While the federal government goes into the second straight week of shutdown, a larger crisis over the debt limit debate looms.
If you’re not a political junkie, you may be wondering why Republicans and Democrats can’t sit down and work the government shutdown out. The problem is both parties are operating with completely different narratives in mind; it’s like they’re in different orbits.
Defunding Obamacare is a nonstarter and most Republicans know this. The real test for Obamacare comes a couple years out: Do the published health exchange rates hold, or do we go into a death spiral with higher premiums because of what’s called adverse selection?
Adverse selection means, in this case, a situation where only the really sick buy insurance — and the healthy don’t buy into the system. If that were to happen, the actuarial math would not support the premium structure and it will fall apart.
The amount of money we pay for health care, both public and private money, is extraordinary. We spend double the next closest country (France) on health care.

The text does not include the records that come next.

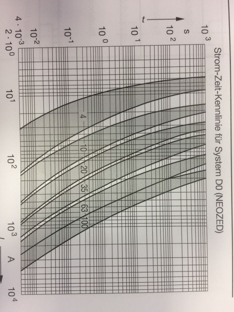Der Kurzschlussstrom in einer elektrischen Anlage beträgt 100 A. In welcher Zeit löst eine Schmelzsicherung mit einem Bemessungsstrom von 20 A aus?
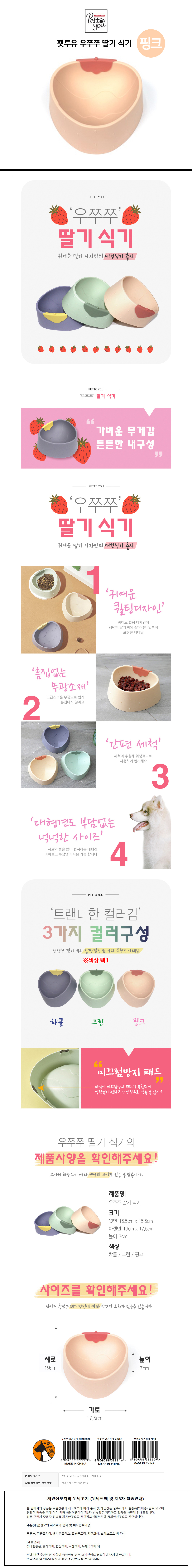 펫투유 우쭈쭈 딸기 강아지용 식기 핑크
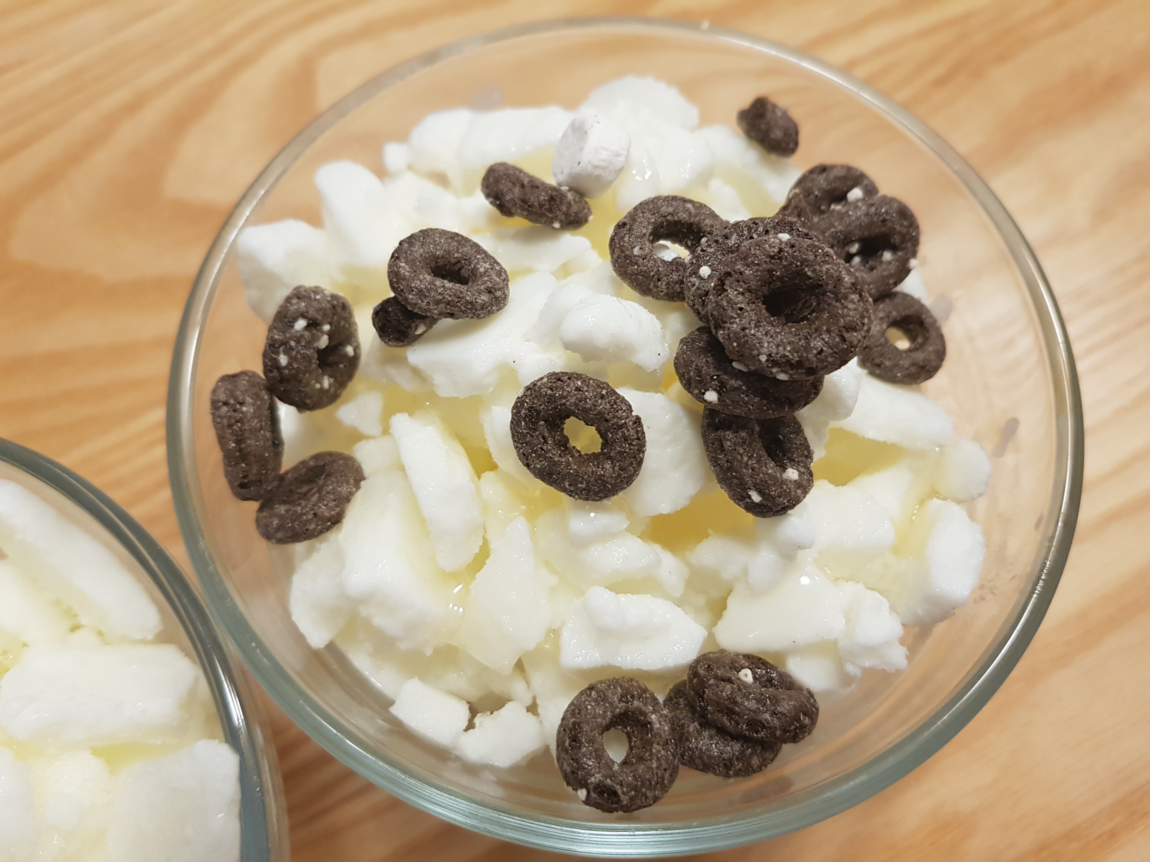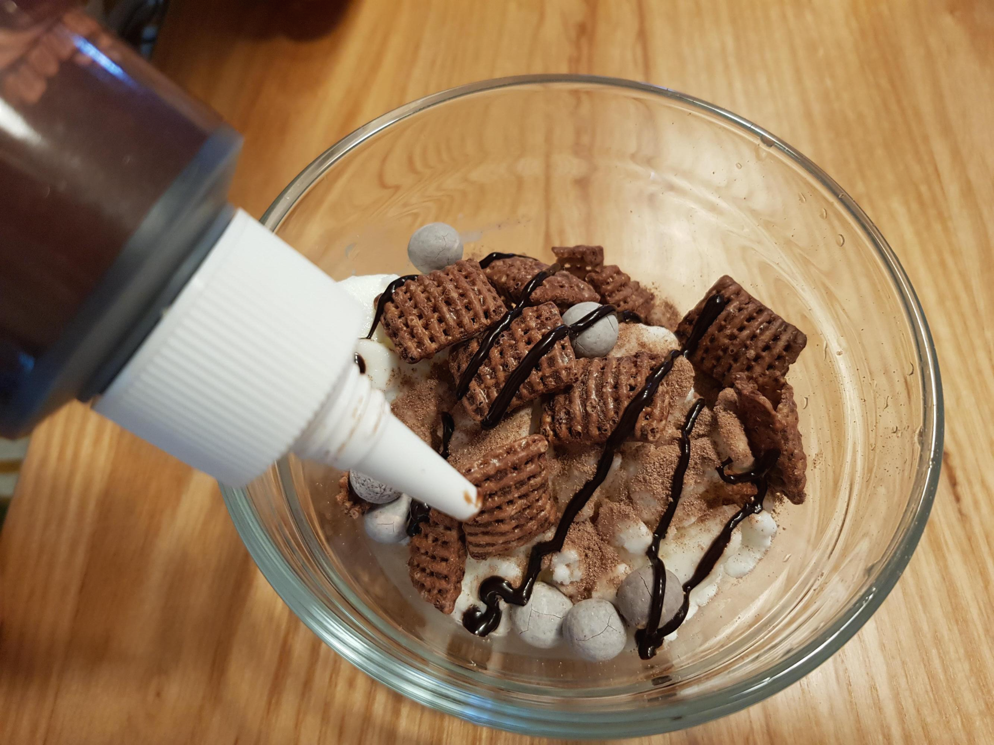 초코빙수 만들기 - 재료 : 초코가루(미떼or네스퀵or제티 등), 초코씨리얼 or 초코과자, 초코시럽
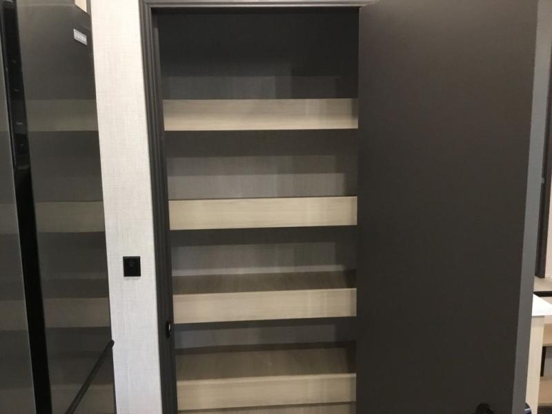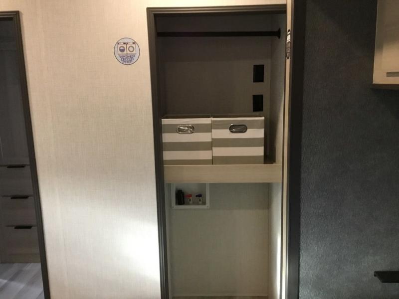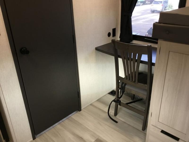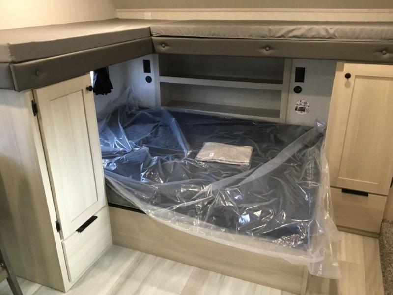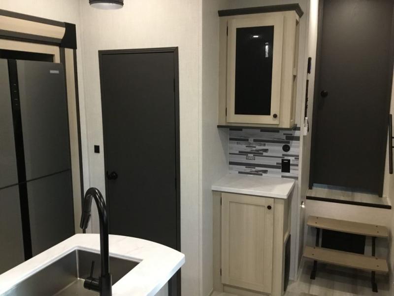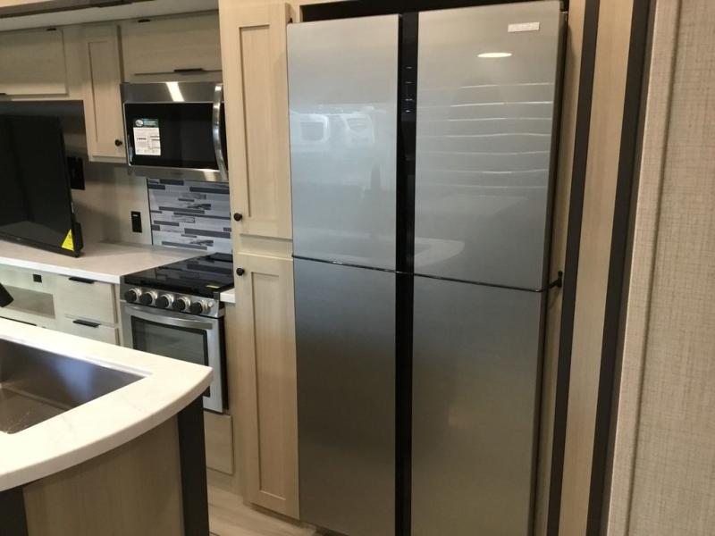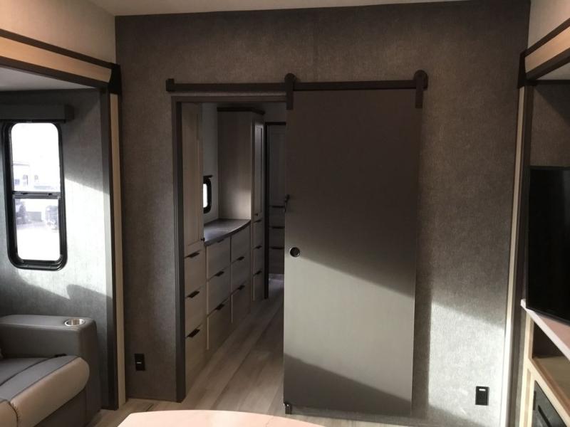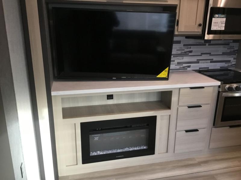 If you're ready for fun, look for further than this dual entry Cardinal fifth wheel! It will be so easy to travel with friends and family since there is a master bedroom with a king bed and a full rear bath, plus a front bunkhouse suite with bunk beds, a queen bed, and a second full bath! The chef of your crew can whip up breakfast in the morning on the 21" 2-in-1 oven range or in the over-the-range microwave. There is also a 16 cu. ft. 12V refrigerator and walk-in pantry for food storage! The theater seating and table with chairs sit across from the entertainment center and fireplace for easy viewing in the evening, or you may just find yourselves outdoors visiting with campground neighbors!
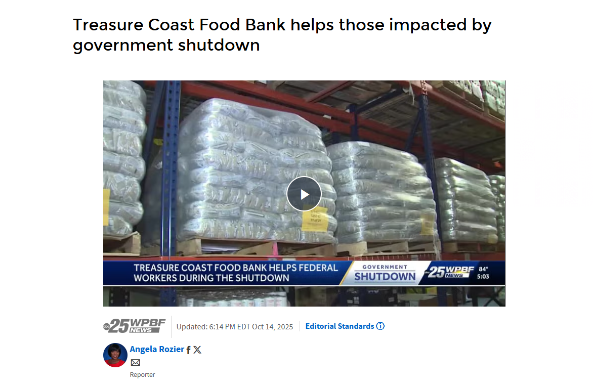 During the government shutdown, Treasure Coast Food Bank has seen a growing number of federal workers—like postal employees, IRS staff, airport personnel, and military families—turn to us for support. At Treasure Coast Food Bank, we serve more than 250,000 people each week across Martin, St. Lucie, Indian River, and Okeechobee Counties, and that number is rising. We’ve already welcomed an additional 25,000 to 30,000 neighbors seeking food assistance. While some food commodities are no longer available to us, we’re doing everything we can to ensure our community has access to the essentials.
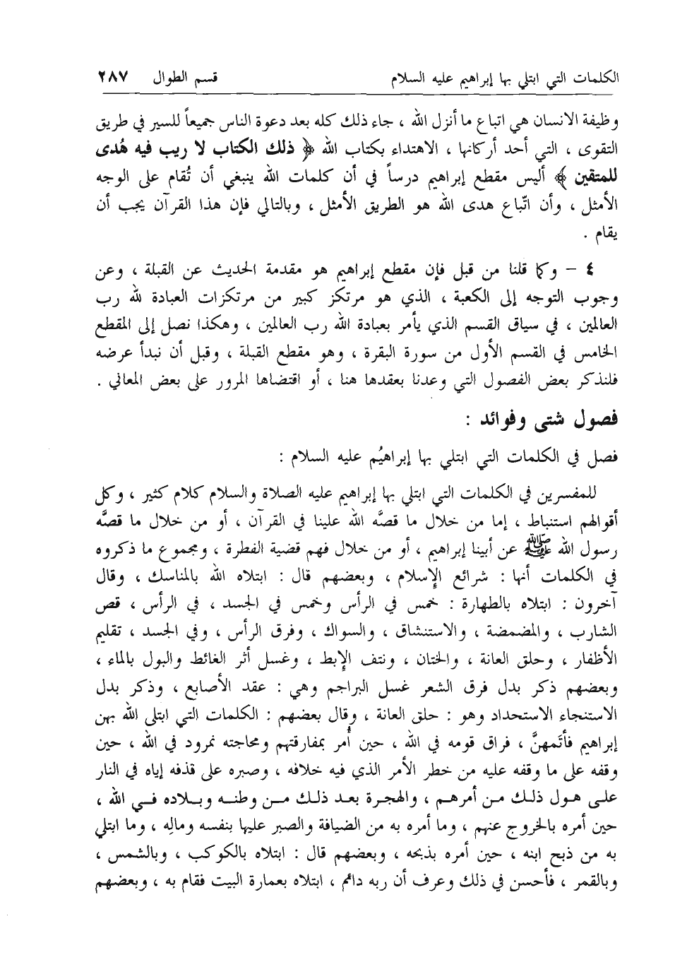 فصل في الكلمات التي ابتلي بها إبراهيم عليه السلام:
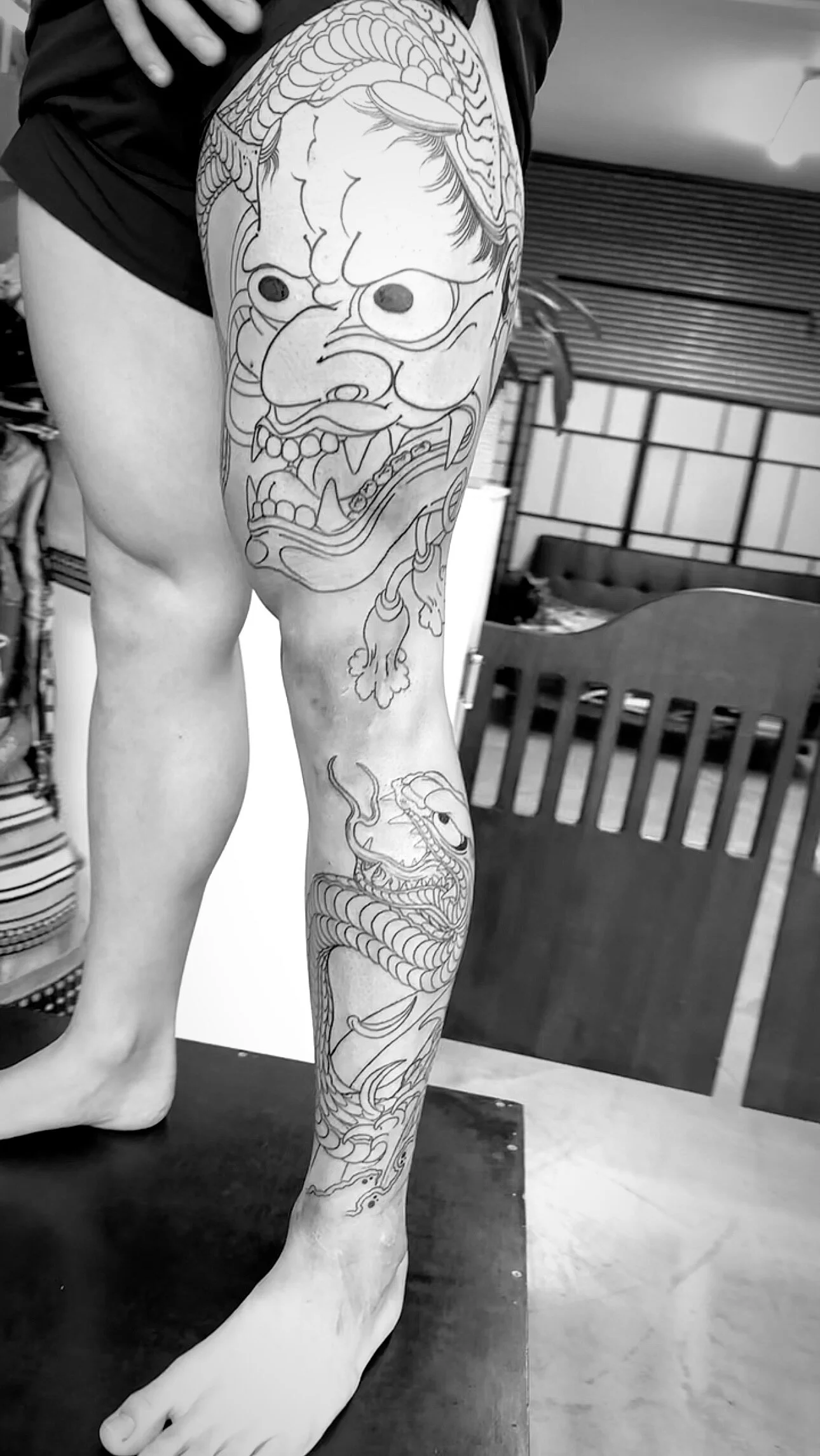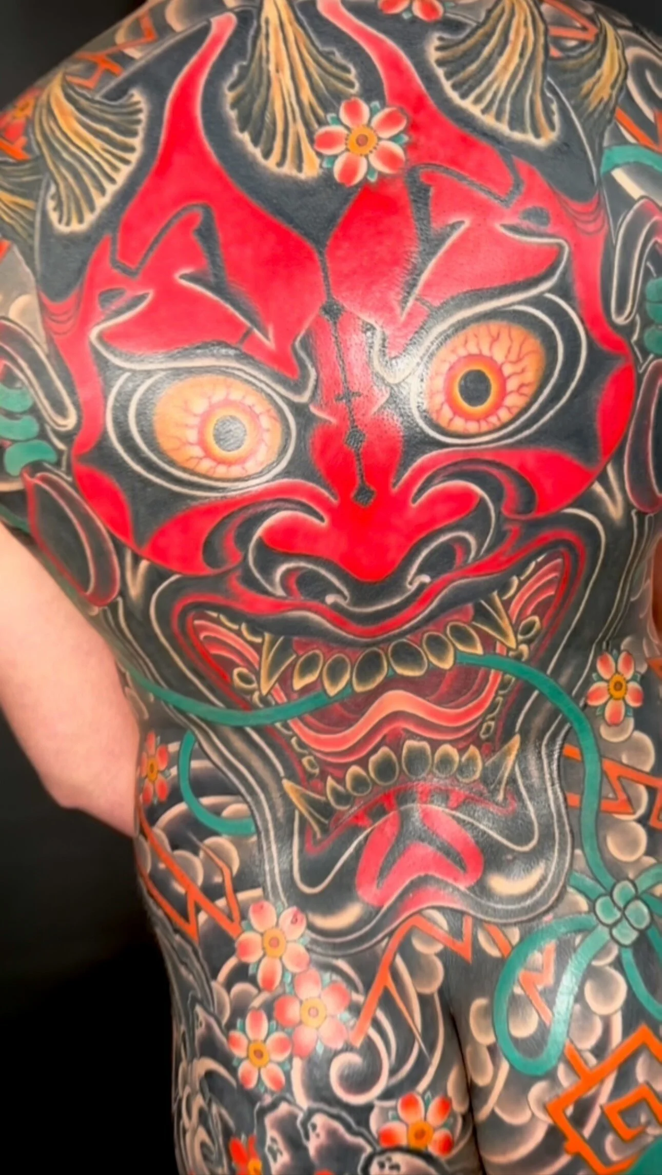 His bold shading and exciting composition reflect wonderfully in the Hannyas and dragons Japanese tattooing has to offer and nothing shows that more than Ussher’s large tattoos.”
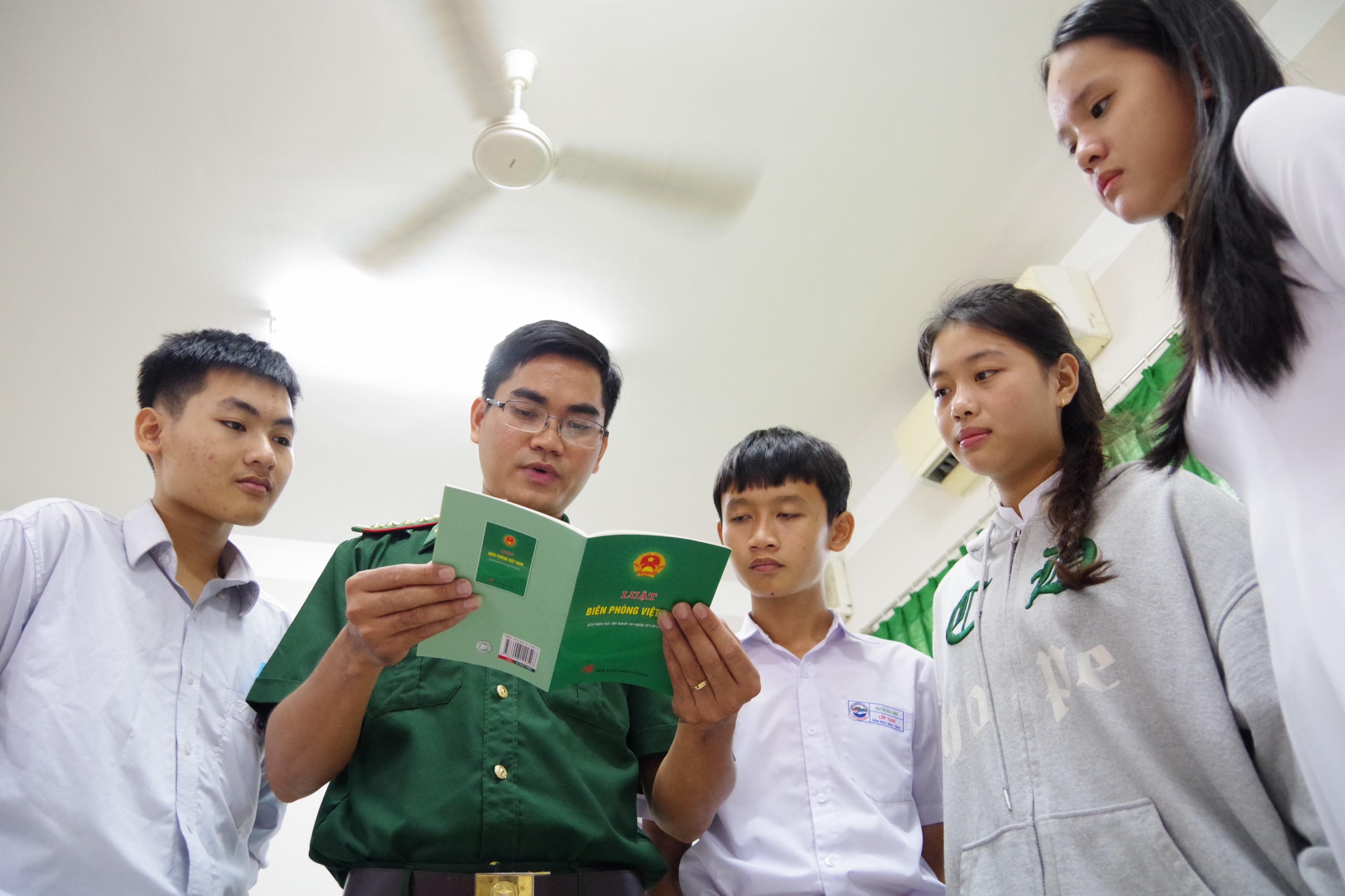 Cán bộ chiến sĩ BĐBP tuyên truyền luật Biên phòng cho học sinh (Hình: Quang Anh) |
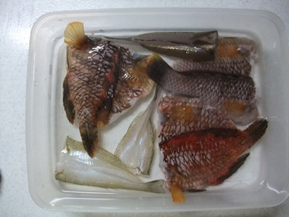 これらはすべて干物にすることにした。はらわたをだしてから塩水につけているところ。べらの干物はなかなかおいしい。

Yet our life expectancy is the shortest of any other developed country. And our infant mortality rate is much higher too, according to what I saw in The Financial Times of London.
Still, the sound and fury about Obamacare ignores the most important issue facing us right now: The long-term debt obligations of the United States that are unsustainable.
I told you recently about the problems that come from having a rapidly aging population with fewer workers to support the social promises we’ve made.
Over the next few decades, we’re going from an active to retired worker ratio of 5:1 to 2.5:1. Those 2.5 workers cannot possibly create enough economic output to cover the promises of health care and for Social Security, which is a smaller problem in comparison.
Meanwhile, it would be just plain dumb to default on our nation’s debt, no matter your political persuasion. That’s because we are the world’s reserve currency. People put money in the U.S. dollar when things are rough overseas. Failing to make payments on our treasury notes, for example, would tear at the future of our country. And dare I say, it would lower our living standards.
That’s because today we get a subsidy from the rest of the world. Our interest rates are lower than they would otherwise be because foreigners want our debt so badly as a safe zone. If they know we’re not going to be paying our debt, they won’t keep putting money in the U.S. dollar, and our interest rates will rise. Then we will all suffer.
Of course, it’s no surprise the 535 members of the House and Senate don’t understand this. They are not economists or financiers. So how could they know?
So I say keep the government shutdown as a political theater move if you want. But the debt limit is not the place to do Custer’s Last Stand. That’s playing with fire.
The reality is we have to attack the promises we’ve made and how we will pay for them. We have to break the social contract and change how we provide for an aging population when we have far fewer workers in the future. Just know that all of what I’m saying has no effect if you receive Medicare or Medicaid today; nothing changes for you. What I’m talking about is a bigger problem that has to be addressed going forward.